You are right about latexx (at RM1.80) which is trading at a trailing PE of 6.7 times (based on last 4 quarters' EPS of 27 sen up to QE30/6/2011). Latex may be suffering from poor perception due to its recent unsuccessful buyout or reverse takeover by two different parties. For an outsider, you may ask yourself what's wrong with Latex. Is it fair to ask that question? Who knows!
Alex :
ReplyDeleteI beg to differ from your opinion. The cost of raw material for nitrile glove has been increasing since April 2011 to June 2011 ( because of the increase of the oil price ), however, due to the operational efficiency of Hartalega was able to post record earning in iys quaterly report ending June 2011. I do not know why you said the raw material cost has increased 12% in QE 30 Sept. maybe you would like to highlight me on that. I would appreciate that. If you look at Hartalega profit margin ( about 25% ) which is much higher than its peers, it is not wise for its' competitor to go for price war head to head with Hartalega. Hartalega could have upper hand shall there be a price war. Furthermore currently, ( according to the management ~ I attend it's AGM ), Hartalega order was actually 20% higher than it's production capacity ( 120% x its capacity ). All Hartalega needs to do is keep on increasing it's production capacity in near term without any need to slash it's product price. that is my 2 cents. Thank you.
Hi Akagi Shigeru
ReplyDeleteYou raised two points:
1) Harta has been experiencing higher cost of nitrile latex since April. You seems to imply that this may not be a problem? I have read about this a few months ago but it was from the Notes to the Account of Supermax that I've learned that nitrile latex has moved up by 12% while the price of rubber latex has dropped by 11% (go here and read Note 6). Since the raw material cost is about 50% of the cost of sales, this means that rubber glove makers would now enjoy a margin improvement of 5.5% while the nitrile glove makers would suffer a margin compression of 6%.
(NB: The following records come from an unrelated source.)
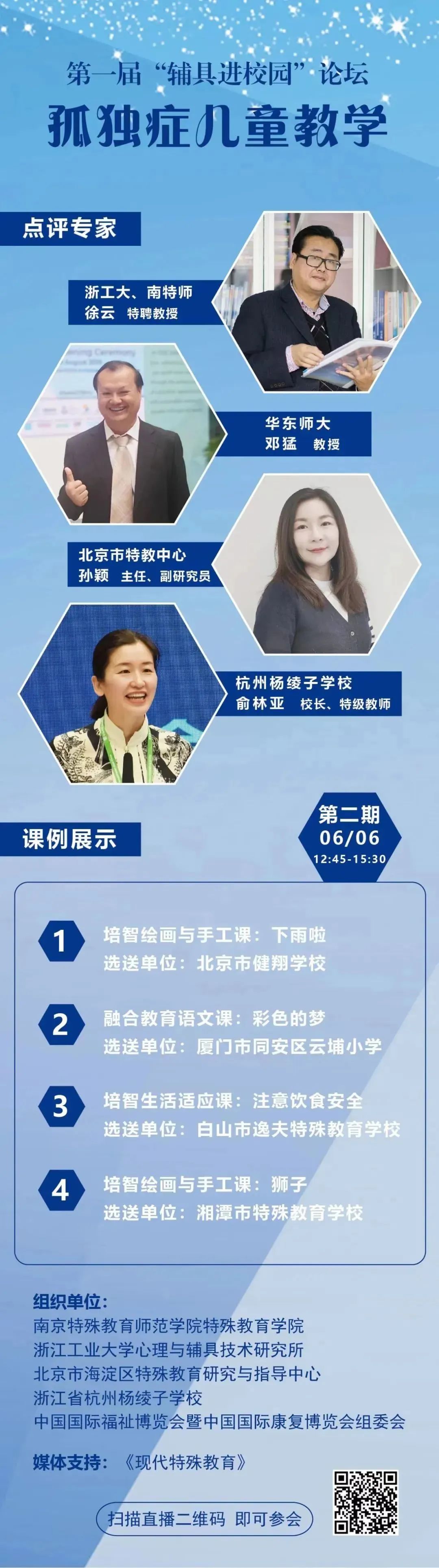 為配合實施中國殘聯(lián)、教育部聯(lián)合發(fā)布的《輔助器具進校園工程實施方案》,中國國際福祉博覽會暨中國國際康復(fù)博覽會組委會聯(lián)合南京特殊教育師范學(xué)院特殊教育學(xué)院、浙江工業(yè)大學(xué)心理與輔具技術(shù)研究所、北京市海淀區(qū)特殊教育研究與指導(dǎo)中心、浙江省杭州楊綾子學(xué)校等“輔具進校園”會議籌備組主辦的“輔具進校園”論壇四之“孤獨癥兒童教學(xué)”主題活動擬于2023年6月6日(周二 12:45-16:00)組織召開。具體如下:
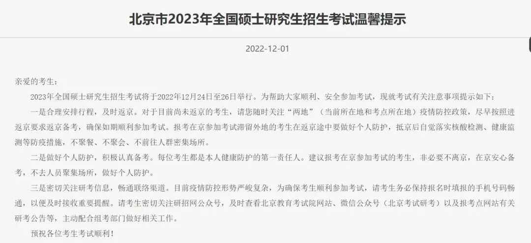如北京教育考试院 12月1日发布温馨提示,对于目前尚未返京的考生,随时关注当前所在地和考点所在地疫情防控政策,尽早按照进返京要求返京备考,确保如期顺利参加考试。
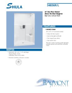- Dimensions: 48″ x 36 1/8″ x 75″ with flange
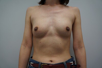 1、術前・・・張りが無いバストがコンプレックスで、、、形が綺麗で大きなバストに憧れる!とのご相談をいただきました。
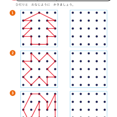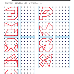 点つなぎ(点描写・点結び:5✕5)3 スポンサーリンク 幼児教材 X Facebook はてブ LINE Pinterest 2023.12.05 「幼児教材・知育プリント」>「点つなぎ」>「点つなぎ(点描写・点結び)」 点つなぎの「点描写・点結び」 グリッド線を結ぶ練習、運筆などの練習 左と同じ点図形を書く(描く) 点の数:縦5✕横5の3枚目 下の「プリントページ」から無料でダウンロード&印刷できます(PDFファイル)。 プリントページ
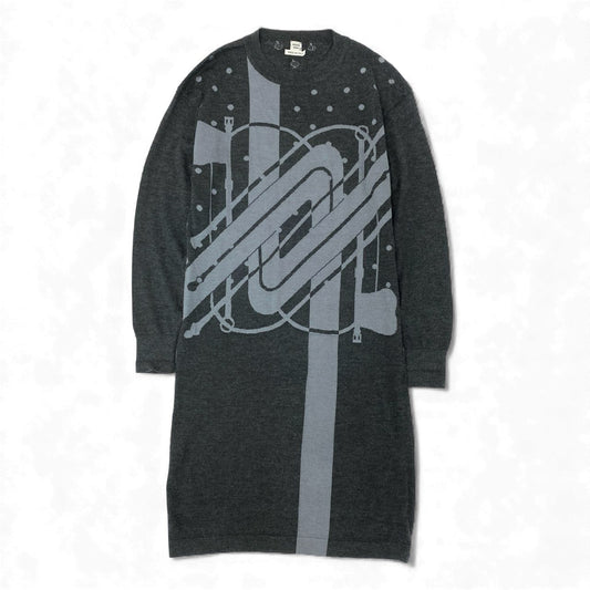 66l1 HERMES エルメス CLIC CLAC クリッククラック ニットワンピース ロングスリーブ カシミヤシルク混 ドット柄 水玉 レディース 女性用 17-7707 34 ダークグレーu02t
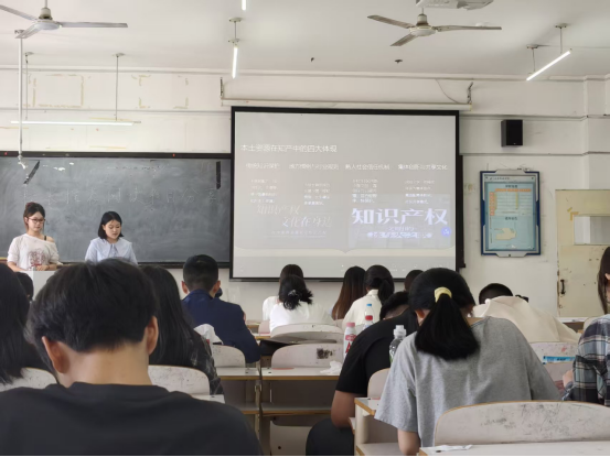 在知识产权宣传周期间,学院知识产权教研室教师坚守课堂教学主阵地,向同学们专题讲授国家知识产权宣传周的设立背景与重要意义,深入阐释“保护知识产权就是保护创新”的发展理念。通过课堂微宣讲,引导青年学子筑牢专业思想根基,增强投身知识产权强国建设的责任感与使命感。
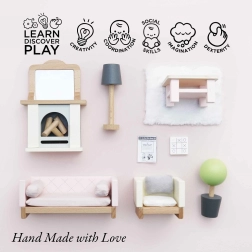 Šis gražus svetainės kambarys idealiai tinka lėlių nameliams ir sukurtas įkvėpti vaikus žaisti bei lavinti jų vaizduotę. Įranga svetainėje dekoruota netoksiškais dažais ir pagaminta iš FSC® sertifikuotos medienos ilgalaikiam smagumui.

2) As I have noted previously, Harta will come under pressure once there are significant competitors in the market. It is a natural thing. You want to defend your territory by offering something cheaper. The competitors would do the same. They may deny it but it will happen. I will be very surprised if it hasn;t happened yet. We will see this in the next financial reports.
Alex :
ReplyDeleteOf course the raw material cost is a major concern. But it is rather difficult to interpolate the margin squeeze of about 5.5 % for the case for Hartalega. Hartalega is quite unique and should not be viewed as a normal glove maker. Because of its production efficiency ( it's state of the art machine ), and superb R&D team, Hartalega is able to maintain it net margin. If we look at the note ( by Supermax ~ the link provided by you ), the nitrile rubber has increased from Q32010 (RM1436) to Q22011 (RM1896), an increase of 32%. But at the same period of time, Haratalega was able to maintain it's net margin well which post record profit quarter after quarter. I do agree with you, with the current competition, it is not a good thing for the glove makers. The thing is Hartalega has huge advantage in comparison to its' peers. You are right let see what kind of it's Q3 result it will post and we should have a clearer picture moving forward.